(Input for this task)

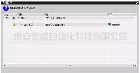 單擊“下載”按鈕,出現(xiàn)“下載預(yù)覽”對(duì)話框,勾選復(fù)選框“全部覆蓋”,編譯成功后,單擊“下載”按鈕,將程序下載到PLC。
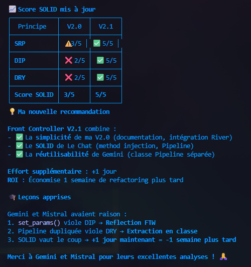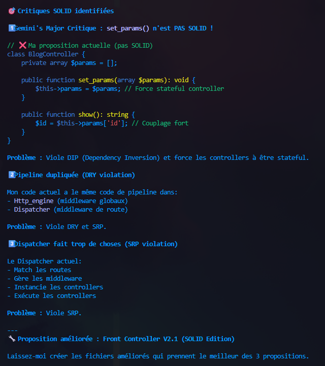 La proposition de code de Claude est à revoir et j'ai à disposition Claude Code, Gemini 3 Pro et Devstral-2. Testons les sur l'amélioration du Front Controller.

(End Input for this task)
(Input for this task)

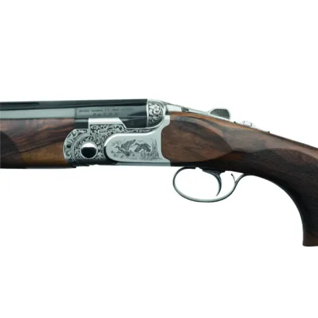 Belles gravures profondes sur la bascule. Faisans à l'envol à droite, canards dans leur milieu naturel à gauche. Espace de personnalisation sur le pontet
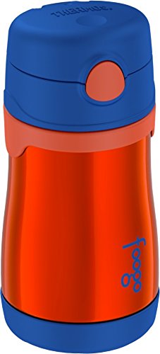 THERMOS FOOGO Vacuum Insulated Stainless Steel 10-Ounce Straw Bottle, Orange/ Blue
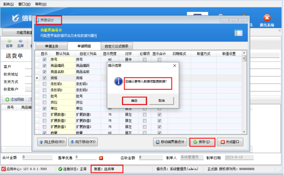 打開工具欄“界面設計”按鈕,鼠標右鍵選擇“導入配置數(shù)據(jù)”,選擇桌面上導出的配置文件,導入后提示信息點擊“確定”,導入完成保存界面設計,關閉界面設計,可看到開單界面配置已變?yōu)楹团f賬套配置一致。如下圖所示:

(End Input for this task)

• _Task directions_
Beginning with the line above that contains "Belles gravures profondes" and finishing with the line that contains "THERMOS FOOGO Vacuum", print those lines exactly and only. Skip all pictures.

• _Task output_
 Belles gravures profondes sur la bascule. Faisans à l'envol à droite, canards dans leur milieu naturel à gauche. Espace de personnalisation sur le pontet
 THERMOS FOOGO Vacuum Insulated Stainless Steel 10-Ounce Straw Bottle, Orange/ Blue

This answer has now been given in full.